Harte got an uneasy, unexpected feeling of his own in April 2021 when photographs of the clay mould for the sculpture leaked to townsfolk in Ennistymon and elicited swift excoriation on social media. The sculpture was called ugly, frightening and hideous. The council was so taken aback it told Harte to pause the work.

When, from his pulpit, the Ennistymon parish priest, Father Willie Cummins, denounced the sculpture as “sinister”, Irish media seized on the story.

“Journalists got on to me. In a moment of weakness I said it was ‘Father Ted stuff’,” said Harte, who compared the row to an episode from the fictional priests on Channel 4’s sitcom. “They never let go of it.”

Aidan Harte’s sculpture of the Púca
Aidan Harte’s sculpture of the Púca – described as ‘sinister’ by a priest. Photograph: Aidan Harte

Everyone seemed to have an opinion about the sculpture – “the scare from Clare” – which, without leaving its studio, spawned editorials, essays, tributes and denunciations.

One man posted a selfie in which he was dressed as a druid and held a placard saying “down with this sort of thing”, a quote from Father Ted. An artist painted a mural depicting the sculpture along with a howling wolf, a fairy and a UFO.

A representative of a tourist attraction in County Monaghan, 150 miles from Clare, lobbied Harte for the sculpture by penning a fictional short story entitled I Púca.

A songwriter called Frank Callery composed a song lauding the sculpture but another composer – Enda Haran – wrote a riposte that envisaged blowing it up. “Your ugly horse can kiss my ’orse,” said one line.

“It was basically a bit of craic with a serious edge to it in that nobody was consulted,” said Haran. “It had nothing to do with religion or the local priest.”

A group calling itself The Burning Pitchforks made a video performing the song, which included a mock execution of someone dressed as a horse.

Rattled by the controversy, the council hired Connect the Dots, a community engagement firm based in Philadelphia and Dublin, to consult Ennistymon residents.

In a poll that attracted 674 responses, 370, or 55%, objected to the púca. The report noted at least 79 mentions of “ugly”, 10 mentions of “scary”, 11 mentions of “hideous” and eight mentions of “eyesore”. Suggestions for alternative locations included “space near Pluto” and “bottom of the ocean”.

Of the 291, or 44%, who favoured the sculpture, there was praise for its sense of fun and imagination.

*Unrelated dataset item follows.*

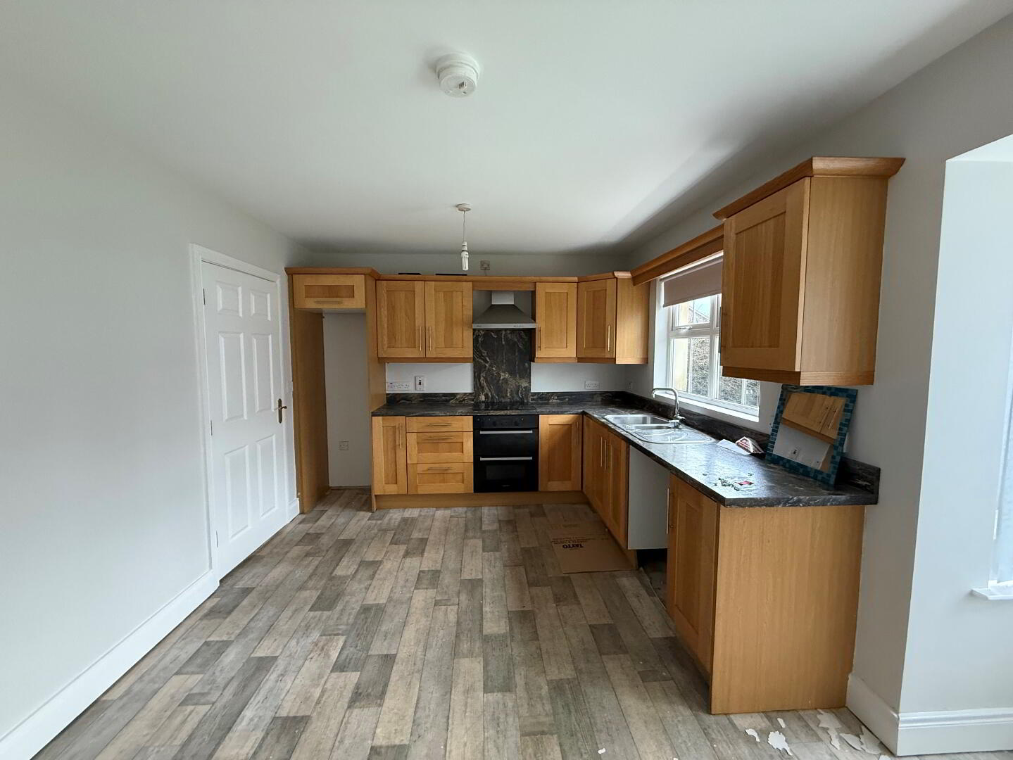 5.10m x 4.00m (16' 9" x 13' 1") Fitted kitchen with range of high and low level units, 1 and half stainless steel sink with mixer tap, space for dishwasher and fridge/freezer, built-in electric oven, 4 ring induction hob, stainless steel extractor fan over, vinyl flooring, bay window to dining area, radiator.

“Technically stunning, incredible craft and thematically rich,” said one. “Beautifully encapsulates the essence of the Púca legend – he is not supposed to be a cuddly character,” said another. Celebrities such as Dara Ó Briain, Imelda May and Chris O’Dowd tweeted support.

In January the council decided it would not bring the sculpture to Ennistymon. “Have we really got to the stage where even the auld Púca must be cancelled?” lamented Diarmaid Ferriter, a historian, in the Irish Times.

Last week however the council announced it had found a home at the Michael Cusack Centre – named after a founder of the Gaelic Athletic Association – in the village of Carron, 13 miles east of Ennistymon.

The Michael Cusack Centre in the Burren, County Clare, Ireland.
The Michael Cusack Centre in the Burren, County Clare. Photograph: Brian Morrison/Michael Cusack Centre

“It took a long time to not go very far,” said Harte. “I’m delighted. It’s important that it goes somewhere that it’s loved.”

A documentary maker plans to make a film and a cultural historian is studying the row but Harte wonders if anyone will ever make full sense of it all.

The sculpture is being cast in metal and will be assembled and polished before moving to Carron in June. Harte hopes visitors will be bold enough to rub the Púca’s toe.